(L’Osservatore Romano / 15.09.2023) Sono passati trent’anni dalla sera in cui don Pino Puglisi è stato ucciso dalla mafia. Ne facciamo perciò oggi, con gioia e gratitudine, una memoria particolare. Siamo incoraggiati dalla parola del Santo Padre che, dopo aver visitato Palermo il 15 settembre di cinque anni fa, con sensibilità meravigliosa e profetica, oggi ha voluto rinnovare — in una lettera indirizzata a me vescovo ma rivolta ai presbiteri e a tutto il popolo di Dio — il ricordo di don Pino, della nostra chiesa, delle chiese di Sicilia, indicando l’esempio del beato martire Puglisi come via di riscatto e di annuncio autentico del vangelo.

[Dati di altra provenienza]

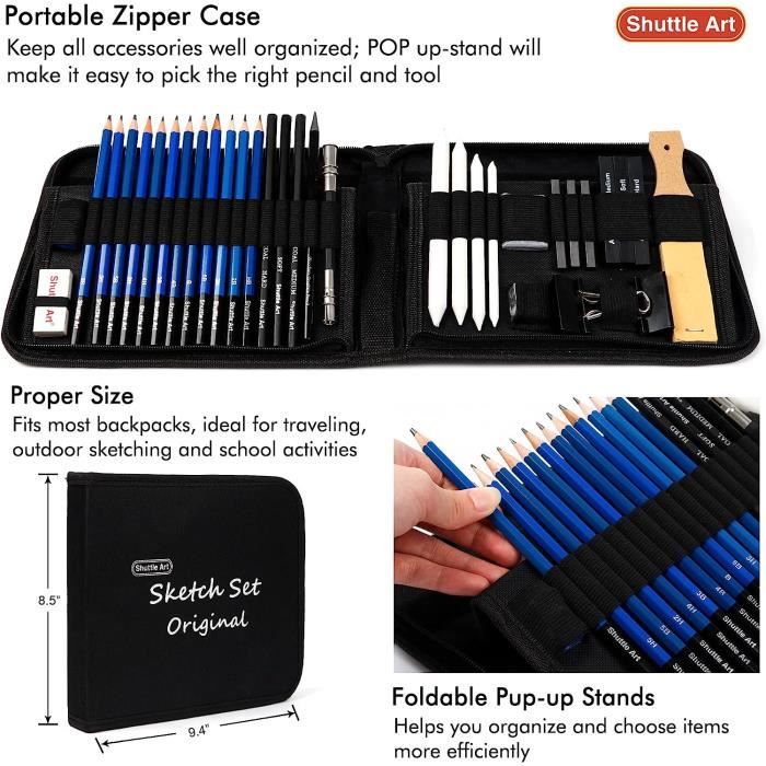 Crayons de Dessin, 72Pcs Crayon de Couleurs Professionnel pour Adultes... Trousse à crayons enroulable : Peut servir de trousse à crayons, de trousse de maquillage de voyage, ou même de sac de peintre ou d'artiste. Trousse à crayons : Les trousses lavables sont d'excellents cadeaux pour la famille, les amis, les enfants, les étudiants et les artistes. Crayon Dessin Professionnel Crayon De Couleurs Professionnel De Dessin Art Set, 51 Pcs Crayon De Trousse Voyage Crayons De Couleur Trousse en cuir : Cette trousse en toile enroulable peut contenir jusqu'à 72 crayons de couleur, stylos gel, marqueurs, crayons classiques et même des pinceaux. Couleurs variées -- Le paquet de crayons pré-affûtés pour adultes contient une large gamme de 72 couleurs et nuances différentes pour le dessin et la peinture. Ils ont une très bonne pigmentation et une bonne luminosité qui répondent à vos besoins quotidiens en matière de couleur Trousse à crayons en toile 72 trous : Légère et de qualité, elle est lavable, résistante aux taches, très résistante à l'abrasion et facile à nettoyer. SURENHAP crayon de couleur de dessin Ensemble de crayons de couleur 180

Sappiamo bene infatti il motivo per cui padre Pino è morto. La sua spietata esecuzione si deve alla testimonianza di giustizia e di verità portata avanti da un uomo, da un prete, che ha vissuto il proprio ministero a Brancaccio come una chiamata alla fedeltà. Fedeltà al creato, fedeltà all’uomo, fedeltà al vangelo. Non si tratta di tre fedeltà, bensì di una sola.
Don Pino ha educato sempre i giovani al rispetto della creazione, li ha fatti crescere col senso della bellezza e della sacralità di ogni forma di vita, di fronte al quotidiano culto della morte in cui, soprattutto nel quartiere Brancaccio, erano immersi. Don Pino ha interpretato il proprio dimorare in un luogo dominato dalla mafia, dal suo potere e dalla sua logica, come un ascolto infinito del bisogno e del grido inespresso di un popolo, in attesa di una liberazione dall’oppressione e dalla schiavitù mafiose che sfigurano il volto degli umani e riducono le persone a sudditi. Don Pino ha sentito il suo stare dalla parte del popolo, il suo lavoro inesausto per sottrarre i bambini e i ragazzi alla mentalità della mafia (appoggiato da tante donne e tanti uomini, laici e religiosi, attratti dall’esempio di colui che tutti chiamavano affettuosamente 3P), come una risposta al vangelo delle Beatitudini, come un ascolto di quella parola scandalosa pronunciata dal suo Maestro e Signore: «Beati i poveri».
Così don Pino è stato uomo, così è stato prete, come un cristiano permeato da una grande capacità di ascolto di Dio e degli uomini, dallo stile della sinodalità. Credo sia questa la grande attualità odierna del suo messaggio e della sua figura, in una chiesa posta da Papa Francesco in un atteggiamento e in un cammino sinodali.
«La chiesa è sinodo», ci ha ricordato il Santo Padre sulla scorta del Crisostomo.
Ma sinodalità significa apertura all’altro, accoglienza reciproca nella comune sottomissione al vangelo e alla sua chiamata per l’oggi. Sinodalità significa compagnia dei discepoli di Gesù con gli altri discepoli, compagnia delle chiese cristiane, compagnia dei religiosi di ogni confessione e dei non credenti, accomunati dalla passione per l’uomo.
Quella passione che ha portato don Pino a morire, sorridendo al suo assassino e confessandogli candidamente che lo aspettava, sull’esempio del suo Signore, morto per amore dei nemici. Di noi, amati da Dio mentre eravamo ancora peccatori — dice Paolo — e rinati alla vita nuova in Cristo. In Lui chiamati a libertà.